By Nathan Mass. Stanford University.
The entertainment industry and its predominant content providers have found themselves in an unusual predicament. Demand for their product is high but innovations in computing and home viewing technologies threaten to derail long-standing industry practices, revenue models, and the sustainability of the industry itself. Major production studios have been noticeably reactionary in response to innovation and, as a result, find themselves behind the curve in capturing consumer surplus while laying minimal groundwork for future expansion. As theatre going audiences dwindle and free online content becomes widely accessible it is obvious that the industry is in need of a strategic overhaul to handle dynamic technology and changing entertainment consumption habits. This paper will outline the historical trajectory of the entertainment industry and draw on contemporary research to posit a viable business strategy that will keep content providers competitive in the future.

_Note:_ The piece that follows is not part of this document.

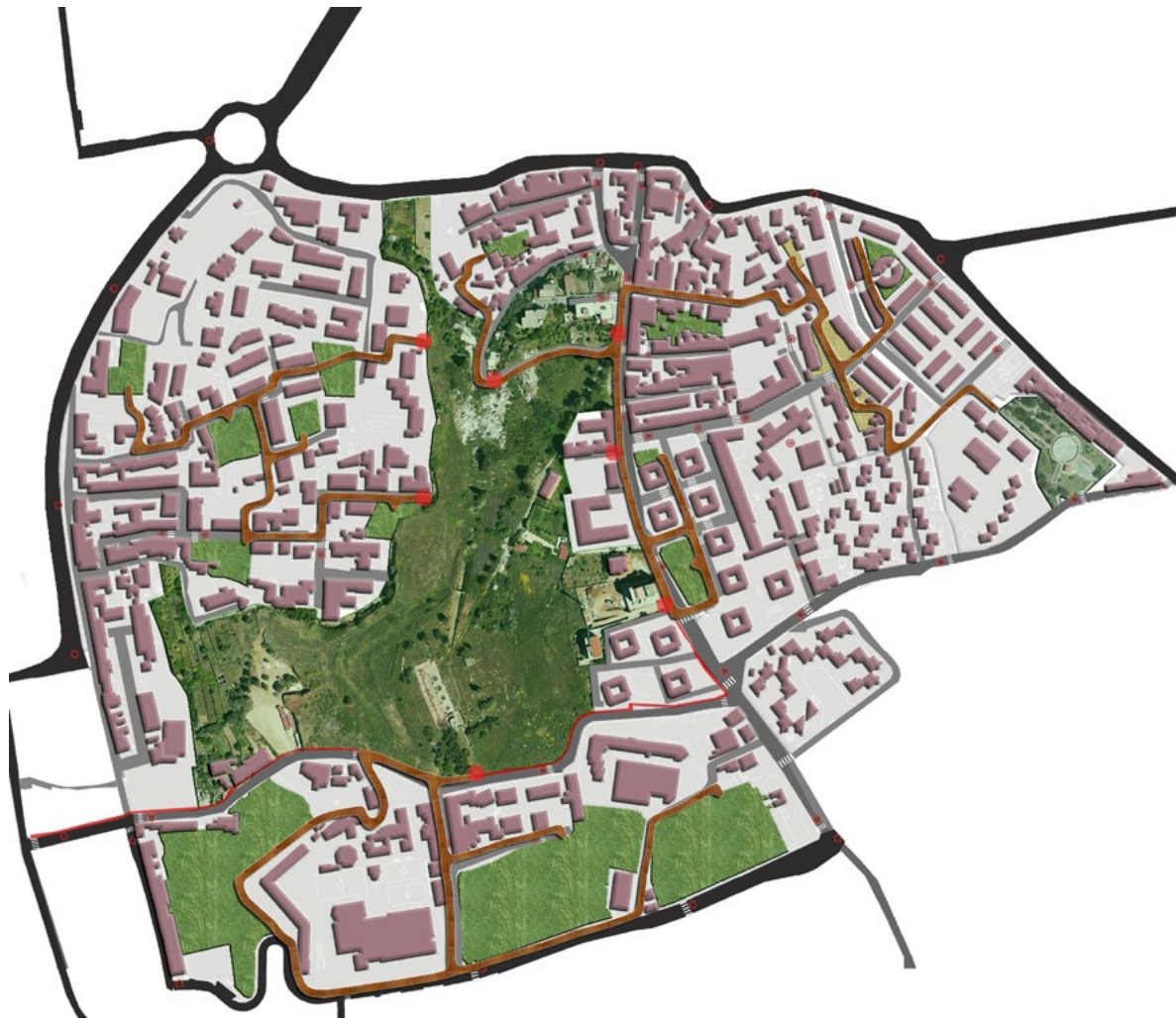
Figura 1. Il nuovo Parco dell'ex Polveriera nel sistema dei quartieri urbani (Laboratorio di Progettazione Urbanistica, elaborazione di M. Bagnato, 2016).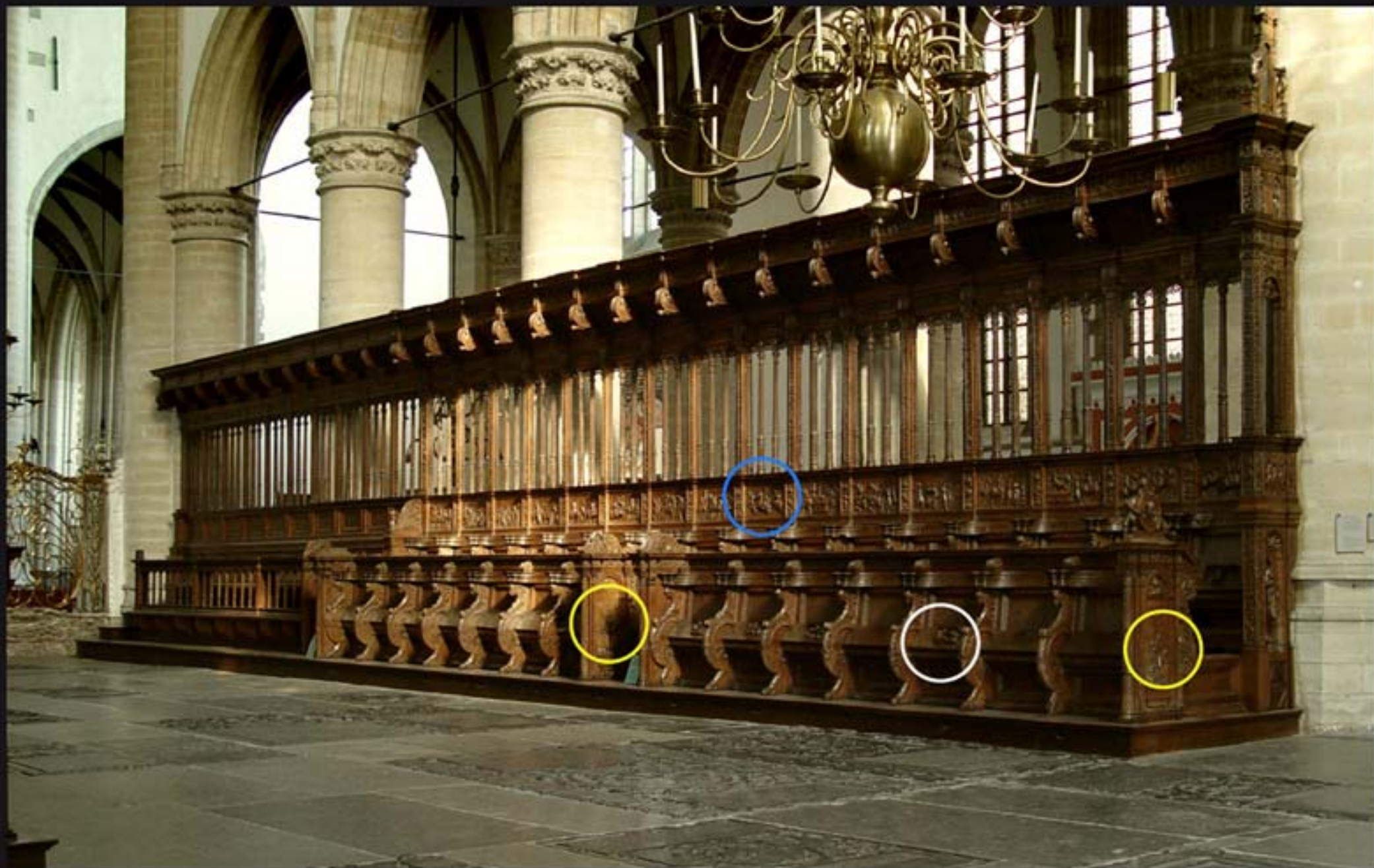
Het Hoogkoor - de noorderkoorbank (1538/39). Tot de reformatie in 1572 kwamen de geestelijken zevenmaal per dag in het koor samen om de zogenaamde getijden te bidden naar psalm 119 : 164: 'Ik loof U zevenmaal des daags, over de rechten Uwer gerechtigheid'. Op de koorbanken zijn bijbelse onderwerpen uitgebeeld op de wangen (gele cirkel), de misericorden (onderzijde opklapbare zittingen - witte cirkel) en de panelen (blauwe cirkel).

The remainder of this paper is organized in four sections. Section 2 provides contextual analysis of standard revenue models, applicable viewing mediums, demand changes, and the advent of the internet and peer-to-peer file-sharing. In section 3, the current challenges facing content providers will be further explored. Section 4 is dedicated to bridging the missing market phenomenon between providers and consumers with particular focus on new revenue strategies to handle dynamic technological and consumer changes. Section 5 concludes the paper.